More than 1,200 public water systems have reported malfunctions, many of which resulted in reports of boiling water, said Gary Rasp, a spokesman for the Texas Commission on Environmental Quality (TCEQ). As of Saturday, 14.3 million people in 190 counties were affected this morning.

Toby Baker, executive director of TCEQ, said the agency will be conducting a full regulatory review for the state’s water systems.

“I am not aware that there have ever been problems of this magnitude from a water system standpoint in the history of the state,” he said at a press conference on Saturday. “We will take full advantage of this event to learn.”


At his Houston home, plumber Jay Farrell said he “would rather have been through a hurricane than this frost.”

Farrell said he couldn’t shower and has been using buckets of water from his hot tub to flush the toilet for days. When Texas was shaking in the dark while it was freezing, he said the temperature in his house had dropped to minus 5.5 degrees Celsius.

In Houston, officials were more optimistic after most residents were restored to electricity and the mass distribution of bottled water began.

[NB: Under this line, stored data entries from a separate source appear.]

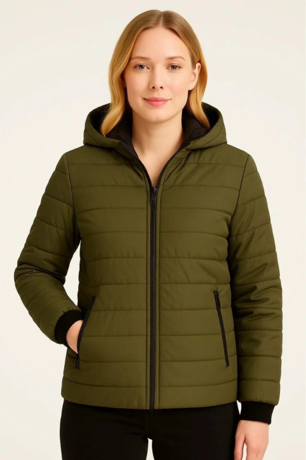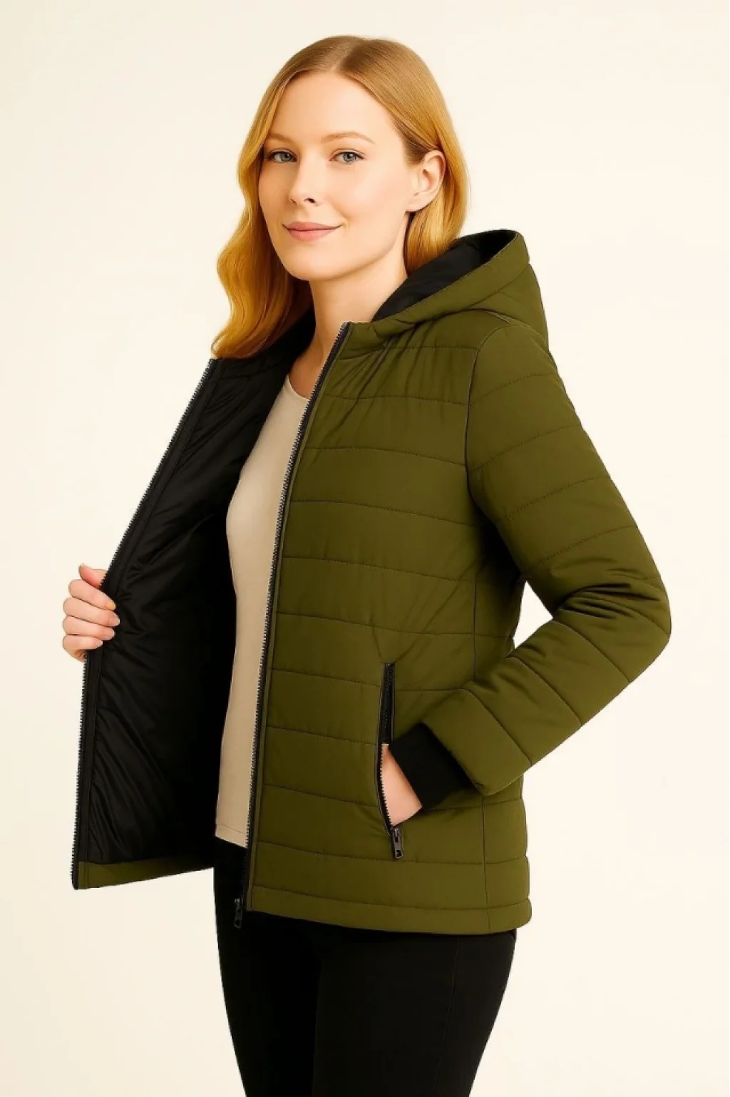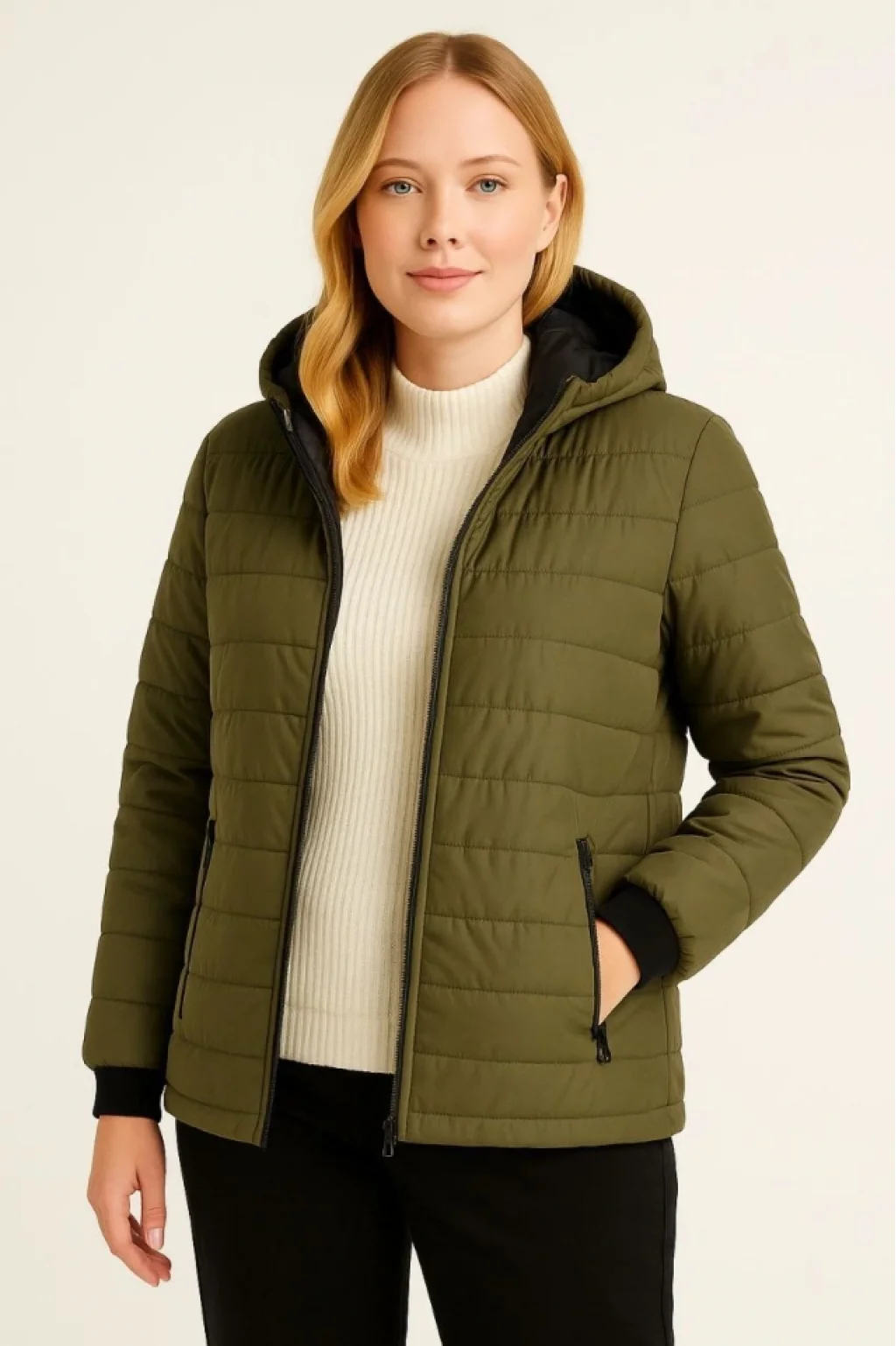 Şişme Kapüşonlu Fermuarlı Mont Su Itici Kapitone Astarlı Kumaş Cepli Kışlık Rahat Kalıp - Haki
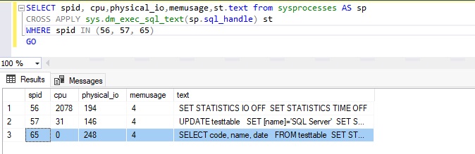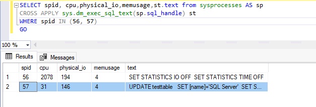 Session id for the above execution is showing as 56 so I have retrieved performance statistics of this session from the sysprocesses system view using the below T-SQL statement.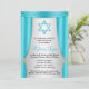 Elegant Hollywood themed Bat Mitzvah invitations. Featuring teal blue curtains and a aqua Star of David. Perfect for your Hollywood themed Bat Mitzvah party!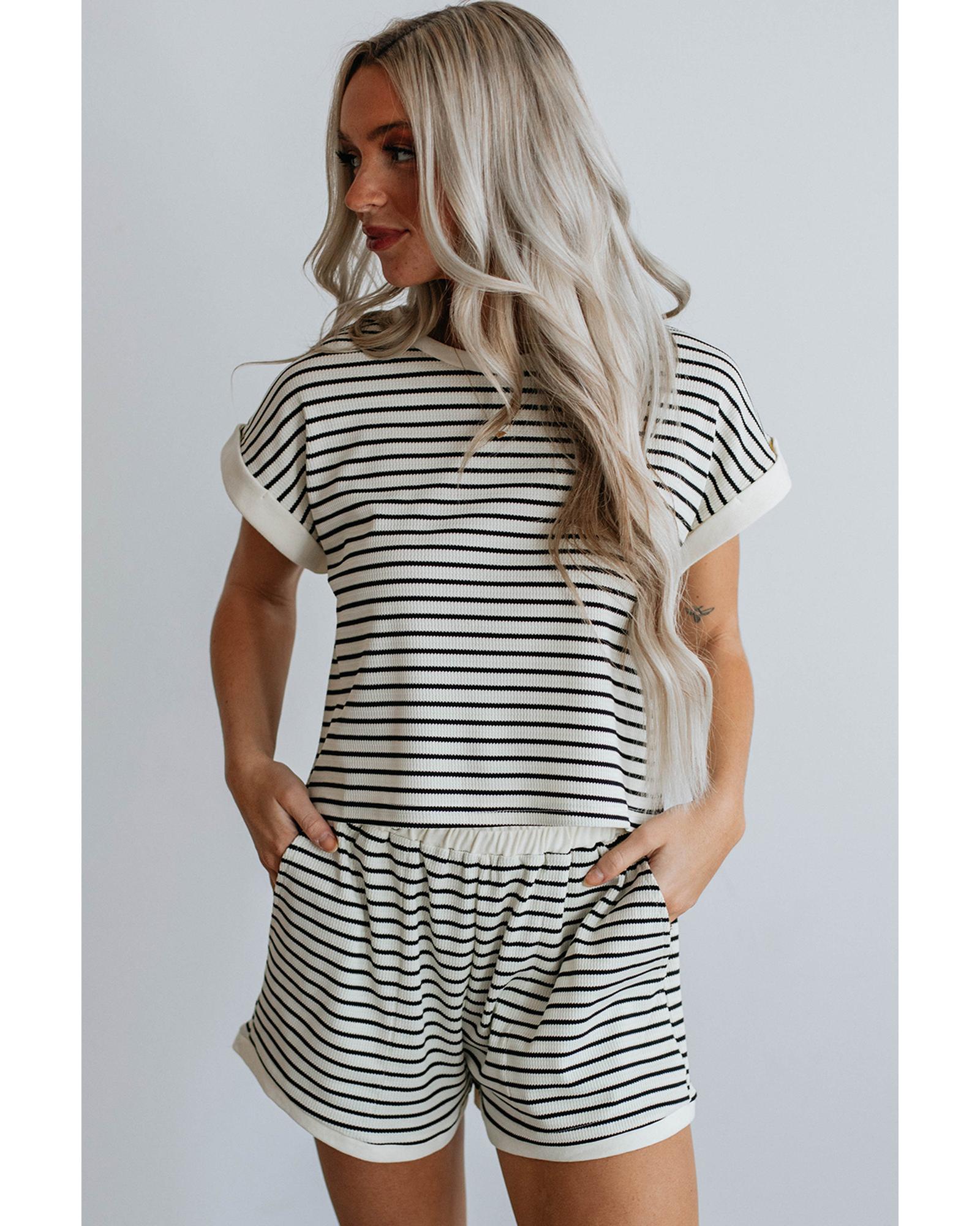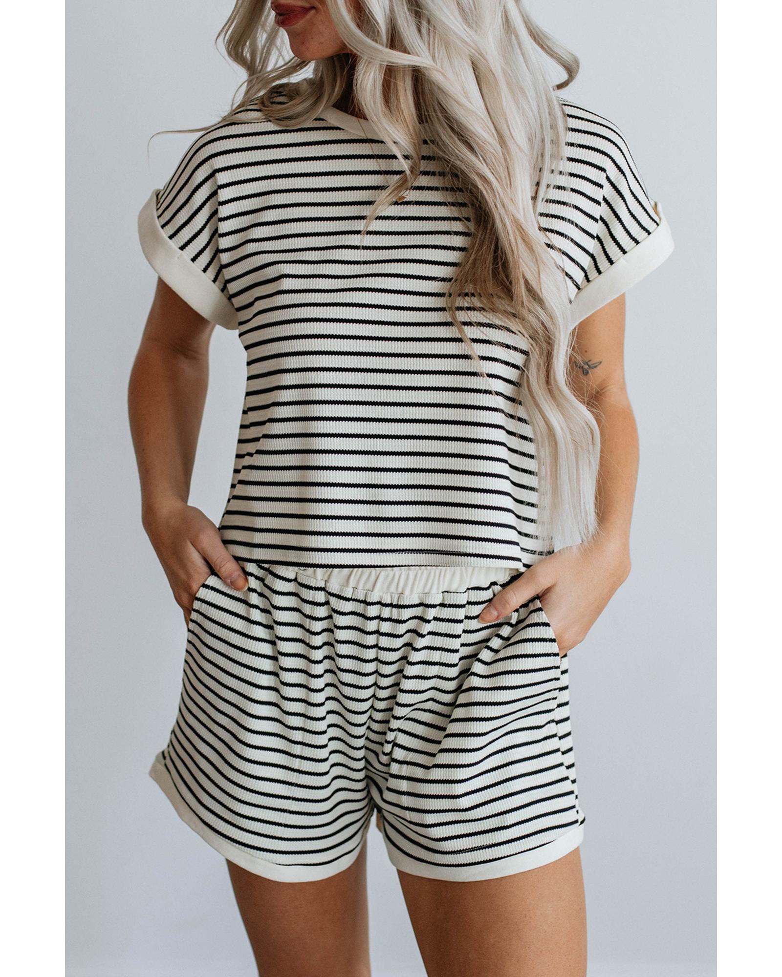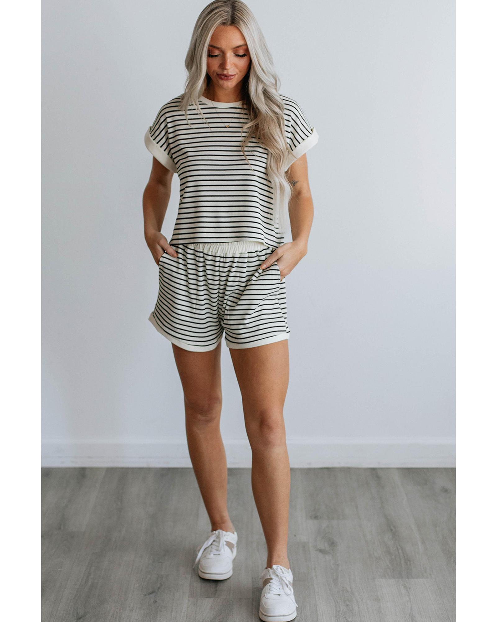 - Striped tee and shorts set for a casual and fashionable look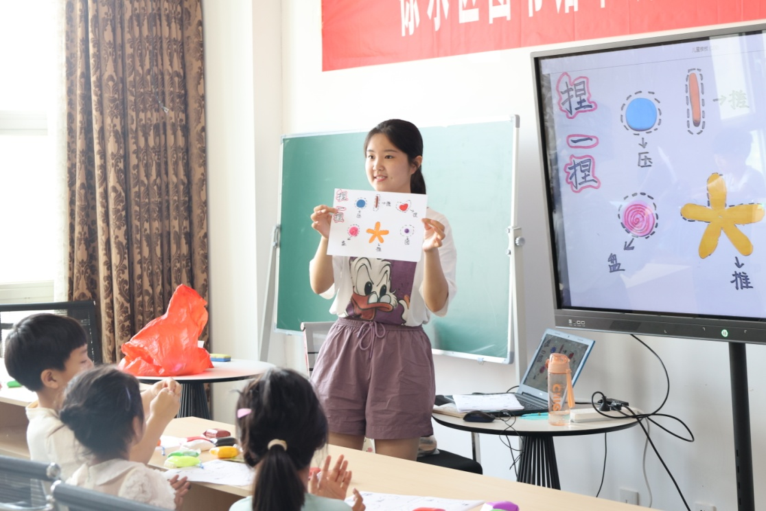 为引导学生在动手制作粘土的同时回顾艰苦党史,习得劳作不易,养成勤俭节约、珍惜美好生活的良好品质,社会实践团队成员凌嘉欣带来了与红色党史相结合、别具匠心的“与泥同乐,塑梦未来”多样粘土公益课。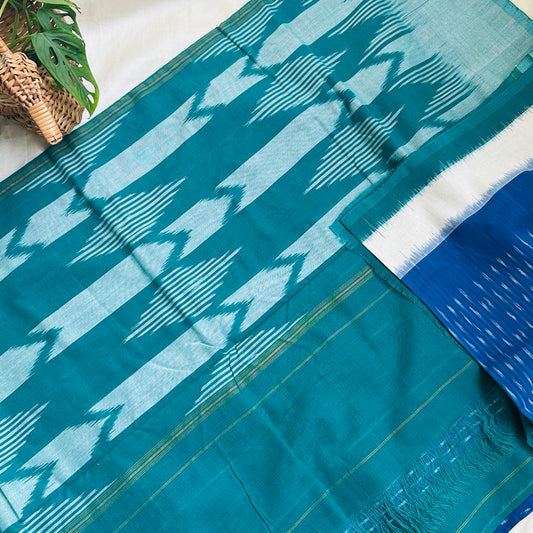 Sold outIkkat BlueGreen Handloom Saree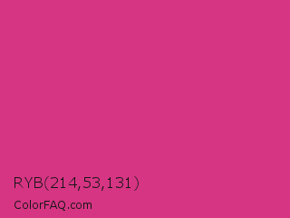 RYB 214,53,131 Color is a normal rose color and the nearest color is Cerise #da3287. Hex code #d63583 and RGB value is rgb(214,53,131). In RGB color space, this color is composed of 84% red, 21% green, 51% blue, In CMYK color space, this color is composed of 0% cyan, 75% magenta, 39% yellow , 16% black , In HSL color space, this color has a hue angle of 331° , 66% saturation and 52% lightness.

“Things are looking good … We are heading towards normality,” said Hidalgo on Friday in a video address. “Right now it’s about moving from reaction to recovery.”

Meanwhile, Abbott said he convened an emergency meeting with officials on Saturday to discuss the rise in energy bills many residents were receiving after the blackouts.


Texas’ Electric Reliability Council (ERCOT), a cooperative responsible for 90% of the state’s electricity, came under fire after the power grid collapsed when demand spiked during the freeze.

Abbott hit ERCOT last week, saying the company told officials before the storm that the network was ready.

A lawsuit was filed against ERCOT in the Nueces District Court in Corpus Christi on Friday alleging the council failed to heed warnings and took action to address vulnerabilities in energy infrastructure.

Separately, Texas Attorney General Ken Paxton has made civil investigative demands on ERCOT and other utility companies regarding power outages, contingency plans, energy prices, and more related to winter weather.

In a statement on Friday, Paxton said the companies had “grossly mistreated” the weather emergency and vowed to “get to the bottom of the blackout.”

(Except for the headline, this story was not edited by GossipMantri staff and published from a syndicated feed.)